چکیده:
This paper presents an efficient mechanism to convert Sana’ani dialect to
modern standard Arabic. The mechanism is based on morphological rules
related to Sana’ani dialect as well as Modern Standard Arabic. Such rules
facilitate the dialect conversion to its corresponding MSA. The mechanism
tokenizes the input dialect text and divides each token into stem and its
affixes; such affixes can be categorized into two categories: dialect affixes
and/or MSA affixes. At the same time, the stem could be dialect stem or
MSA stem. Therefore, our mechanism, implemented by using a simple MSA
stemmer, must pay attention to such situations. Then our dialect stemmer is
applied to strip the resulting token and extract dialect affixes. At this point,
the rules are applied to decide when to carry out the extraction of an affix.

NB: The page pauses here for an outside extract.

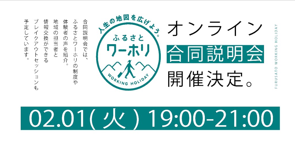 2022/02/01経過レポートが追加されました!「【明日19時〜】ふるさとワーホリ説明会では自治体の方から直接お話がうかがえます!」

The experiment shows that Sana’ani dialect has three classes of distortions,
which are prefixes, suffixes, and stems distortions. The algorithm normalizes
such distortion based on the morphological rules. For each morphological
rule the mechanism checks possibility of applying such a rule. That means if
rule conditions be met, then the dialect affix will be replaced by its
corresponding MSA. If there is no restriction on applying the rule related to
the distorted stem, then the rule can be considered as a parallel corpus of the
dialect and MSA. Finally, the experiment computes the distortion ratio of
MSA in Sana’ani dialect. For a Sana’ani dialect sample of 9386 words,
16.29% of them have distorted suffixes, 0.70% have distorted prefixes and
2.17% contain distorted stems. These percentages are related only to the
processed words.
خلاصه ماشینی:
The mechanism is based on morphological rules related to Sana’ani dialect as well as Modern Standard Arabic.
If there is no restriction on applying the rule related to the distorted stem, then the rule can be considered as a parallel corpus of the dialect and MSA.
In fact, the main objective of this paper is to design and implement an algorithm to convert the Sana’ani dialect into modern standard Arabic.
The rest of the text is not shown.